I'd gone in for a headphone splitter jack, since MicroAnvika had sold out. (And their staff were about as helpful as a sparrow in your underpants, but I digress.) I found the right product fairly quickly, and turned to pay.

But where the hell do you pay? There was nothing that looked like a till, just something called a "Genius Bar" at the back of the room, with five or six members of staff engrossed in conversation with wide-eyed customers.

It transpired that there was one stealth till, tucked away at the far end of the "Genius Bar". No "Pay Here", no signs at all, just a tell-tale queue to give the game away.

I waited in the queue for ten minutes without moving, as the two gents behind the stealth till struggled to sort out a problem for the customer at the front. (Is that not what the Genius Bar is for? Why had he come to the Reasonable Degree From a Former Poly Bar?)

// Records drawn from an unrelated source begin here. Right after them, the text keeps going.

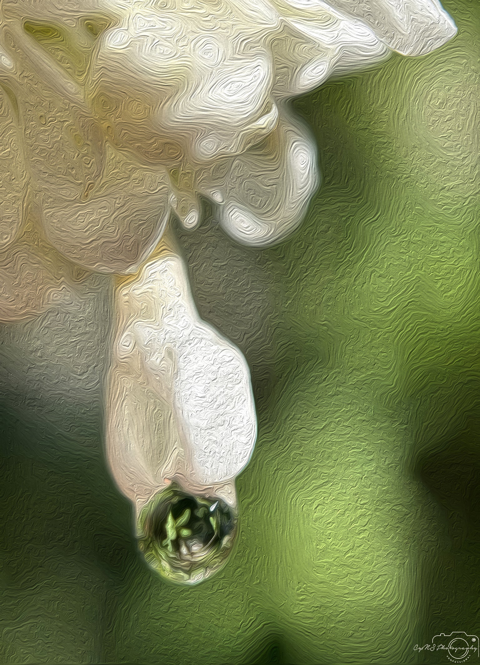 A single droplet lies gently on the bright white flower of a Phaseolus vulgaris, its delicate form shimmering like a tiny crystal against the soft petals. The contrast between the purity of the flower and the drop’s glistening presence creates a moment of quiet beauty.
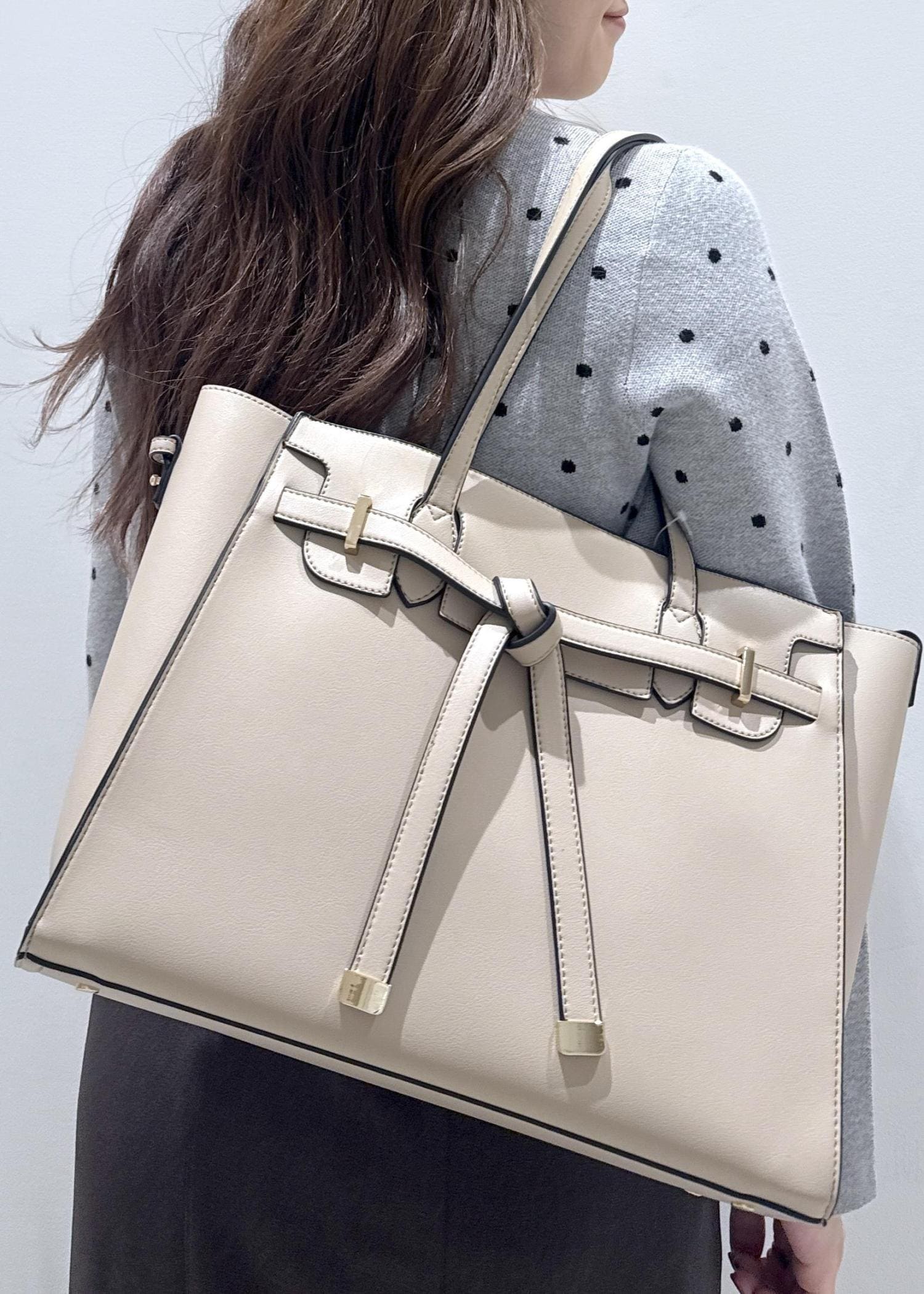 VIS【新色追加】【A4収納】フラップタイトートバッグベージュ系 / F¥7,909レビューリボン付きのトートバッグ⭐︎見た目が可愛いのはもちろん、ファスナー付きのバッグで内側にポケットが付いており、物もたくさん入ります!大きさ的にお仕事用で使えるタイプなので、A4サイズのノートやファイル、13インチのノートパソコンやiPadが入ります。
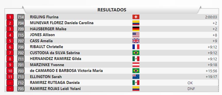 La boyacense Daniela Carolina Munévar finalizó en el segundo lugar en la ruta C2, que tuvo un recorrido de 62.4 kilómetros, a tan solo dos segundos de la campeona mundial, la suiza Flurina Rigling, que se llevó el arcoíris con un registro de dos horas y tres segundos (2:00:03).
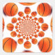 The artwork features a central point from which numerous basketballs radiate outwards in a spiralling, kaleidoscopic pattern. The basketballs vary in size, creating a sense of depth and perspective. The iconic orange colour with black curved lines representing the ball's seams are consistently depicted across all the basketballs. Some larger basketballs are positioned around the periphery of the design, framing the central kaleidoscope. The background is a clean white, ensuring the focus remains entirely on the basketballs and the dynamic pattern they form.

Finally another member of staff came along the line, asking if anyone would like to pay by card. Fine by me, so I paid with them instead.

Except it took five more minutes for my card to go through from his hand-held device and, most scarily of all, I was then asked to confirm my email address and postcode.

Now I can understand that this information is held on credit cards, in user accounts on the Apple website or wherever, but it still disturbs me a little to be confronted with my own email address in a shop when I'm just trying to buy a headphone jack. Shops like Curries and Comet used to always get you to give them the same information, and that always got to me, too. I just want the stuff. I don't want you to know where I live, I want the bloody stuff.

I'm far from prudish when it comes to sharing information and data online - I like to think I've got fairly sensible boundaries about where I put my private info and, at the same time, I accept that it's going to end up in quite a few places if I want to get much done.

But I'm not sure I should end up staring back down at my email and home address on some bloke's handheld computer, purely from the swipe of a credit card, when all I'm doing is buying one cheap product. I don't really want Apple to have that stuff. It's not the end of the world, sure, but for some reason that really put me off.

Lo, I return to my desk to discover that the receipt for the transaction (I did wonder why I hadn't been given one) has been emailed to me.

I get the idea. This is supposed to make shopping faster and more efficient. But if I'm a little apprehensive as a relatively technologically-minded man in his mid-20s, then there are going to be people out there a damn sight more confused about how the Apple Store suddenly knows where they live and how to contact them, when all they wanted were some earphones.

Most importantly, if you want to change the way we pay for our goods, you have to tell us. It's no use having a big shop full of customers on the first day of trading in the entire year, and having just one till open, with no signs and nobody explaining that things here are different. I'm sure we are expected to go up to any assistant if we want to pay - the idea being how easy that makes life - but not if we're never told that is the plan.

You'd think a company like Apple would have that kind of basic communication sorted.

Er, happy new year then! New year's resolution: join a band again.